_Your objective_
Give again, character for character, the lines that lie between the first line of the material and the line with "Canadice Lake New", inclusive. Omit pictures.

_Dataset excerpt_
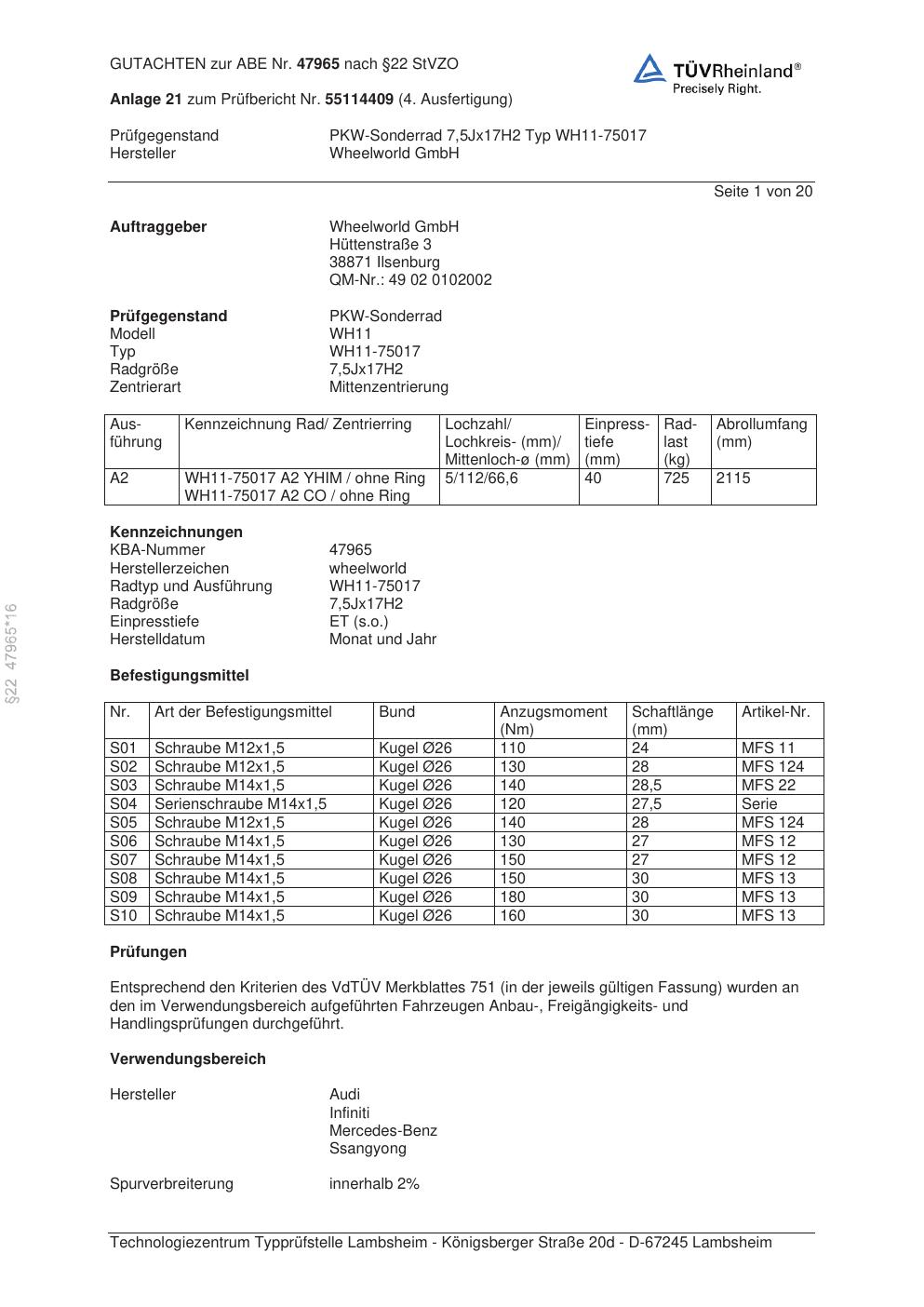 Dieses Gutachten (abe) bezieht sich auf die Alufelge Wheelworld GmbH WH11-75017 in der Ausführung ET 0, Mittenloch 0 mm (KBA 47965). Im PDF findest du typischerweise zulässige Reifengrößen, Auflagen/Anbauhinweise und – je nach Dokument – Hinweise zur Eintragung.
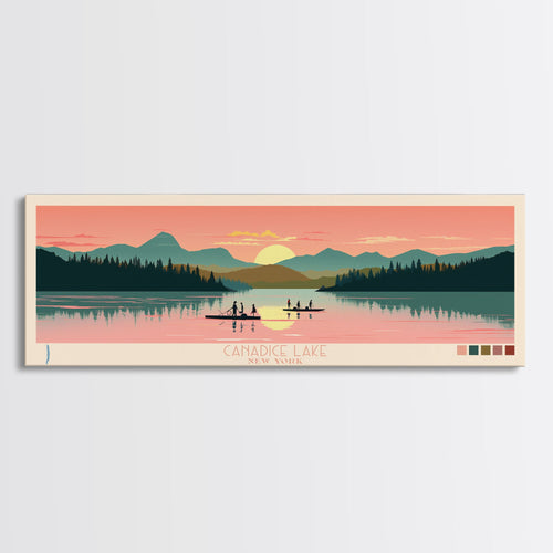 Canadice Lake New York Framed Canvas Print, Pop Art Panoramic Travel Poster, Midcentury Modern, Wall Art, Scenic Nature Painting, Bedroom Decor
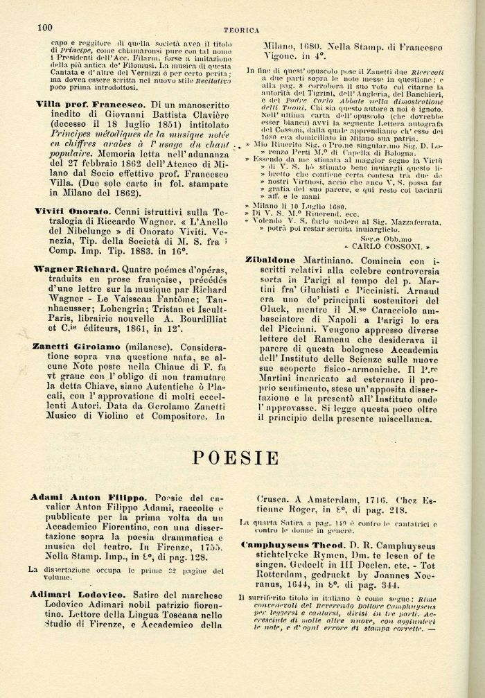 In fine di quest'opuscolo poso il Zanetti due Ricercali a due parti sopra le nute messe in questione : e alla pag. 8 corrobora il suo voto col citarne la autorità del Tigrini, dell'Angleria, del Banchieri, e del patire corto Abbate nella diiiìostralionc tieni Tuoni. Chi sia questo autore a noi è ignoto. Keil' ultima carta dell'opuscolo (che dovrebbe, esser bianca) avvi ia seguente Lettera autografa del Cossuni, dalla quale apprendiamo di' esso del 1080 era domiciliato in Milano sua patria.
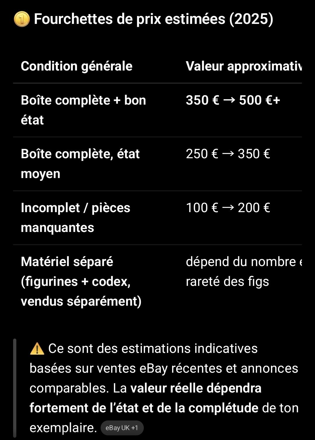 100 € si incomplet, vers 250 € si complet (150 € si tu brades vite, 100€ sera pour un ami).

_Exercise result_
 Dieses Gutachten (abe) bezieht sich auf die Alufelge Wheelworld GmbH WH11-75017 in der Ausführung ET 0, Mittenloch 0 mm (KBA 47965). Im PDF findest du typischerweise zulässige Reifengrößen, Auflagen/Anbauhinweise und – je nach Dokument – Hinweise zur Eintragung.
 Canadice Lake New York Framed Canvas Print, Pop Art Panoramic Travel Poster, Midcentury Modern, Wall Art, Scenic Nature Painting, Bedroom Decor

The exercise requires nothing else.